The fines were for admitted overfishing of two species that are at risk - siki sharks, commonly called Portuguese dogfish, and leafscale gulper sharks.
It was stated in court, that Britain had to give the Spanish Government 60 tonnes of this year's valuable West of Scotland (Area 6) monkfish quota as compensation for Spain's loss of deep-sea sharks because so much siki and leafscale gulper sharks were taken by the Greenwich.
But any special compensation deal was denied tonight by Defra, the UK fisheries department.
However, in court, defence agent and Aberdeen solicitor Dennis Yule, said it was skipper Martinez's honesty in accurately recording his catches in the Greenwich's log sheets that resulted in the prosecution.

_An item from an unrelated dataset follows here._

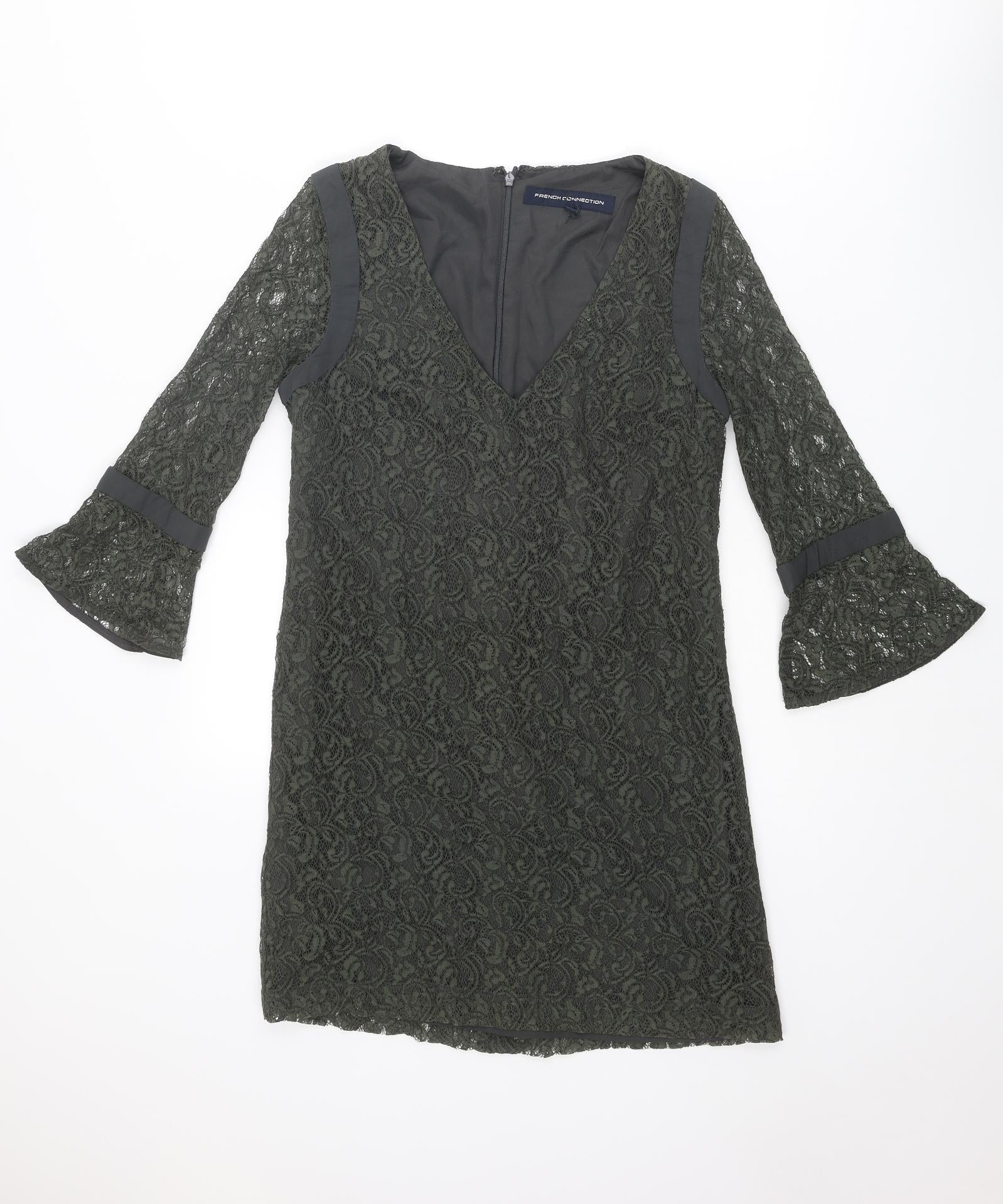 French Connection Womens Green Geometric Polyester Mini Size 8 V-Neck Zip

"The Crown's position is that this is not simply a breach of regulations, it is more a serious environmental crime," said the procurator fiscal, Roderick Urquhart, explaining the case against Martinez and the Greenwich's owners, the Falmouth-based company Sealskill.
The court was told that following investigation of the Greenwich's catch by fishery officers at Ullapool on December 14 last year and subsequent examination of log sheets which had previously been submitted to Defra, it was found that the Greenwich had caught twelve times the total UK quota in area 12 for that year and 1,200 times the 100 kilogram by-catch the Greenwich was allowed to take in area 12 on each fishing trip.
Tonight, Defra defended their role in the issue:.
A spokeswoman said:
"Defra officials immediately acted to close the fishery as soon the UK overfish was identified and asked colleagues to instigate enforcement action against vessels overfishing the UK quota at the same time.
" Officials were able to cover the overfish at the end of 2005 from quota which was not going to be utilised by other UK fishermen.
"Fishing trips by some UK registered Spanish owned vessels can last 2-3 months, occasionally if a vessel has been fishing for a prolonged period we may not receive details of its catch until after it has landed.
"The UK has not compensated the Spanish for the overfish.Defra
officials undertook a straightforward transfer of quota at the end of the year which was a swap with Spain, the UK received shark XII quota from Spain and in return Spain received UK anglerfish (monkfish) quota to reduce their 2005 overfish of Area VII anglerfish."